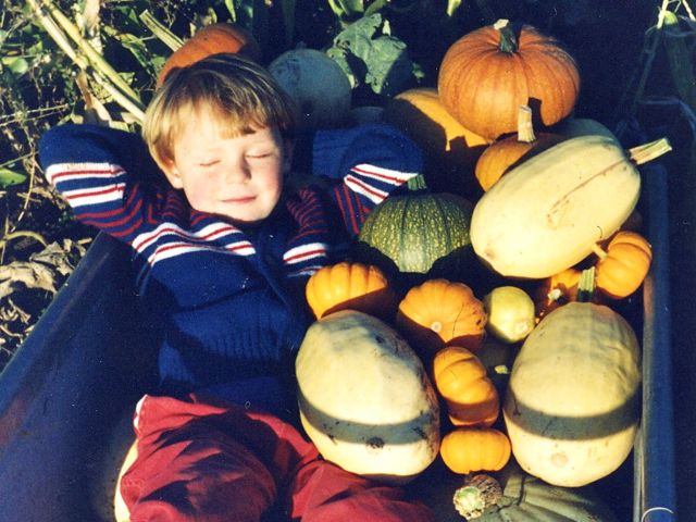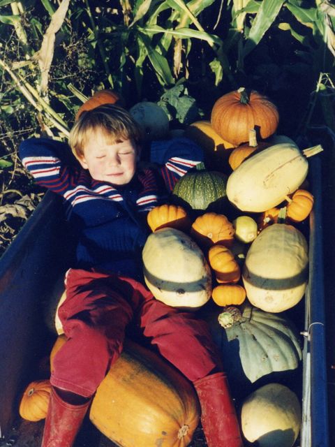 When sunlight streams through the red and yellow grape leaves as if they’re made of greased paper, when the walnut spreads a gold carpet of leaves across the driveway and pelts the roof with its black-husked nuts, when the new grass shimmers as green as in April and everything looks brighter in the clean air, it’s time to bring in the pumpkins and other winter squashes. They should be hard-shelled and full-colored now, dark green as the cedars, yellow and orange and red as the leaves dropping all around. The thick stems of the maximas should have turned woody, ready to separate from the dying vines. You need strong clippers for the bigger pepos; cut the stems to just an inch or two. Be careful not to break off a stem, or rot will set in early at the wound site. A light frost or two will have done the squashes no harm. If you’ve let them sit out through weeks of rain, well, you probably should have got to them sooner. Scrub off the mud, and let the squashes dry. Set them in the sun or another warm place for at least a few hours; I put mine on a sunny deck on the south side of the house. In a wet autumn, a spray or wipe of bleach water may ward off fungus. [%image sam float=right width=300 caption="Sam and the pumpkins."] “Experts” will tell you to store your squashes at 50 degrees. If you’re thinking of a damp shed or basement, though, think again. Dampness makes squashes rot before their time. A better choice is a cool room in a heated house. My squashes keep well in laundry baskets in the dining room until March, at least. This past August, in fact, I fed the ducks the last of last year’s harvest — a few spaghetti squashes and Jack-Be-Littles — although they showed no signs of decay. But I wanted to save my appetite for the new crop. Maybe you have some really big squashes — say, blue-gray Sweet Meats (Oregon heirlooms) or a Cinderella-style Rouge Vif d’Etampes. How do you get at the flesh? In Traditional Portuguese Cooking,_ Maria de Lourdes advises, “Break the squash by hurling it to the ground.” But Maria is telling you how to make pumpkin jam; sometimes you need a cleaner cut. For that, you might strike with a cleaver once or twice before dropping the squash hard on a counter. Or you might gash the squash with a long knife — my husband bought me a 14-inch chef’s knife for this purpose — and then hit the back of the blade with a mallet. Maybe instead you’d like to cut off the top of your squash jack-o-lantern style. Then you can scoop out the seeds and bake the squash whole, so you can serve it with soup or stuffing inside. I do this with miniature pumpkins, which are delicious with just a little pat of butter or a custard filling. Whatever sort of squash you’re cooking, don’t throw out the seeds. Tossed with a little salt and oil and roasted, squash seeds make an excellent snack. Another Oregon heirloom variety, Golden Delicious, is today grown commercially just for its seeds. The flesh, though sweet and smooth (it was developed for baby food), is spit out by the harvest machine and tilled into the soil. My favorite way to cook winter squash is to bake halves cut-side down. A good dry, sweet squash will leak into the pan not water but a little thick, tasty syrup — the cook’s kitchen treat. Cut slices of the baked squash for dinner, or spoon out the flesh and mash it. Taste it before seasoning it; you may finds it needs no butter and maybe not even salt. What do you do with the leftover flesh from a big squash? I purée it all. If the squash is a bit stringy, I use a food mill, but otherwise I use the KitchenAid mixer. The purée goes into plastic containers in the freezer, where it’s ready to thaw for pie or bread or soup or ice cream or a dish of plain old puréed squash. I am embarrassed to write this — no respectable householder keeps any frozen food for more than 12 months — but puréed squash keeps well in the freezer for several years. With your squashes serving as home décor and an occasional meal, you can put up your feet and wait for the seed catalogs to arrive. If you’re like me, you’ll pick out an old favorite squash or two for next year, and then you’ll choose a new one that promises to be sweeter, creamier, or prettier than any you’ve tried before. p(blue). Culinate editor's note: This post also appeared on Linda Ziedrich's blog, A Gardener's Table.
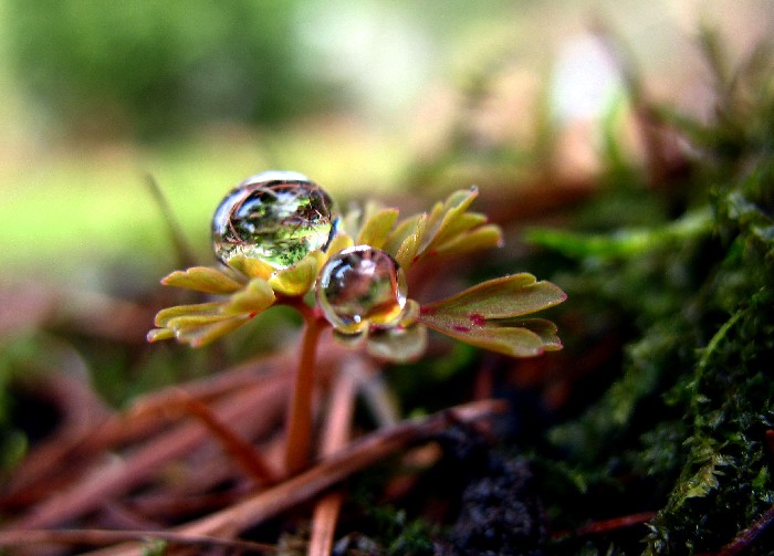 Nun noch etwas bunter. In den Tropfen spiegeln sich die frisch ausgetriebenen Pfirsichblätter.
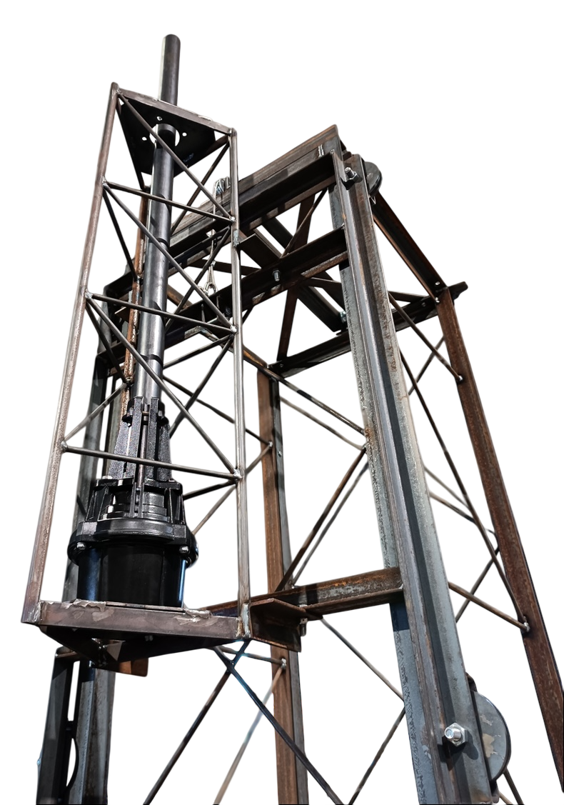 – Chariot coulissant avec support de cage à rotor, avec système de verrouillage automatique en position haute.
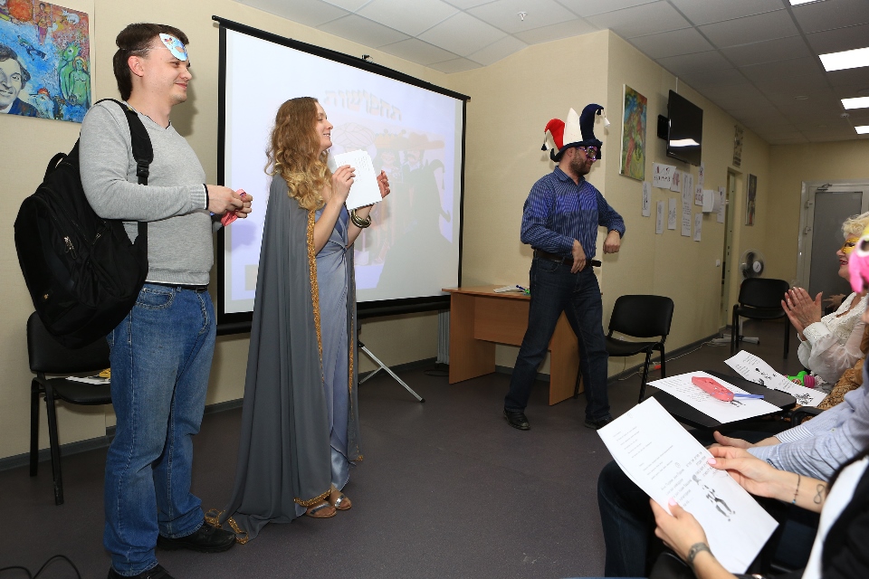 Экспромтная театрализация Свитка Эстер, постановочные анекдоты, исполненные на иврите, заставили хохотать всех, даже учеников тех групп, которые занимаются немногим больше месяца.
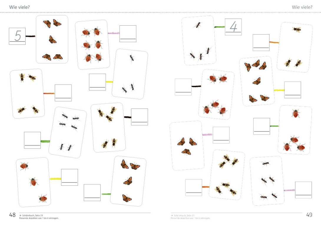 Die Anzahlen auf den Insektenkarten werden Zahlsymbolen zugeordnet.
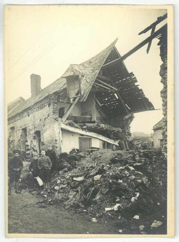 Un bâtiment dans une rue avec un groupe de jeunes détruit lors de la libération 1918.
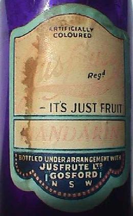 A. 26 ounce 'squat brandy shape'. Clear glass. Embossed around bottle at base: "THIS BOTTLE IS THE PROPERTY OF JUSFRUTE PRODUCTS LTD GOSFORD". Curved "A.G.M." on base. *Also available in 2 gallon Gosford flagon. Acid etched in large letters: "Jusfrute" (Not shown). *1 gallon Gosford Jusfrute flagon - unknown? B. 7 ounce. Ceramic transferred label. Label at back reads: "THIS BOTTLE REMAINS THE PROPERTY OF JUSFRUTE LTD. GOSFORD". (see close up below, left) C. 26 ounce. As above. D. 13 ounce. Clear glass. Embossed around bottle at base: "THIS BOTTLE IS THE PROPERTY OF JUSFRUTE PRODUCTS LTD GOSFORD". Curved "A.G.M." on base.
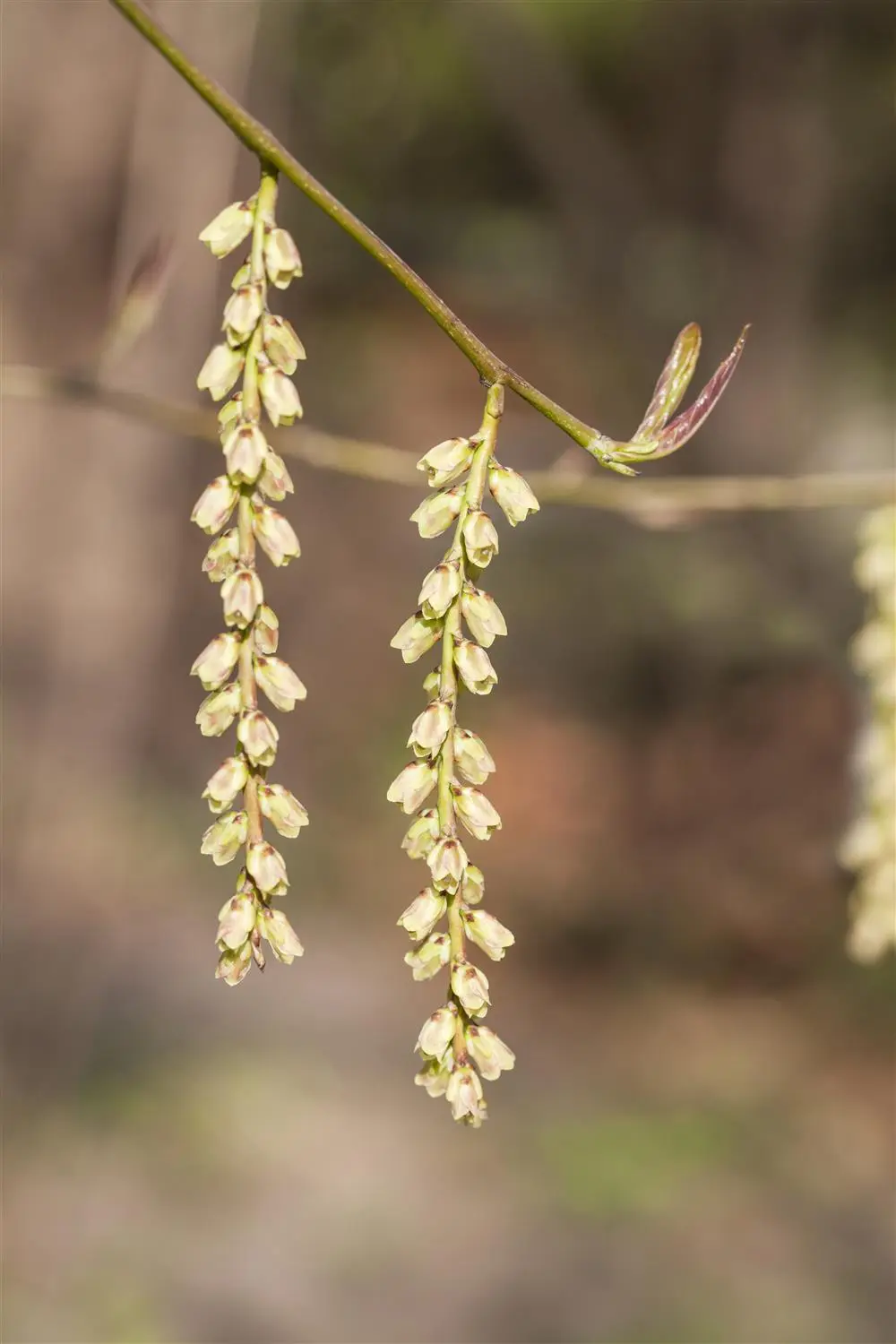 The green-white flowers of Chinese stachyurus appear in spikes from March to April.
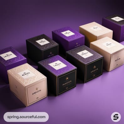 Set of purple and gold boxes on a vibrant background.

══════════════════════════════

Instructions to follow ▸
Word-for-word restatement: every line from the one with "Die Anzahlen auf" through the final line of the data, both ends included, pictures excluded.

Response area ▸
 Die Anzahlen auf den Insektenkarten werden Zahlsymbolen zugeordnet.
 Un bâtiment dans une rue avec un groupe de jeunes détruit lors de la libération 1918.
 A. 26 ounce 'squat brandy shape'. Clear glass. Embossed around bottle at base: "THIS BOTTLE IS THE PROPERTY OF JUSFRUTE PRODUCTS LTD GOSFORD". Curved "A.G.M." on base. *Also available in 2 gallon Gosford flagon. Acid etched in large letters: "Jusfrute" (Not shown). *1 gallon Gosford Jusfrute flagon - unknown? B. 7 ounce. Ceramic transferred label. Label at back reads: "THIS BOTTLE REMAINS THE PROPERTY OF JUSFRUTE LTD. GOSFORD". (see close up below, left) C. 26 ounce. As above. D. 13 ounce. Clear glass. Embossed around bottle at base: "THIS BOTTLE IS THE PROPERTY OF JUSFRUTE PRODUCTS LTD GOSFORD". Curved "A.G.M." on base.
 The green-white flowers of Chinese stachyurus appear in spikes from March to April.
 Set of purple and gold boxes on a vibrant background.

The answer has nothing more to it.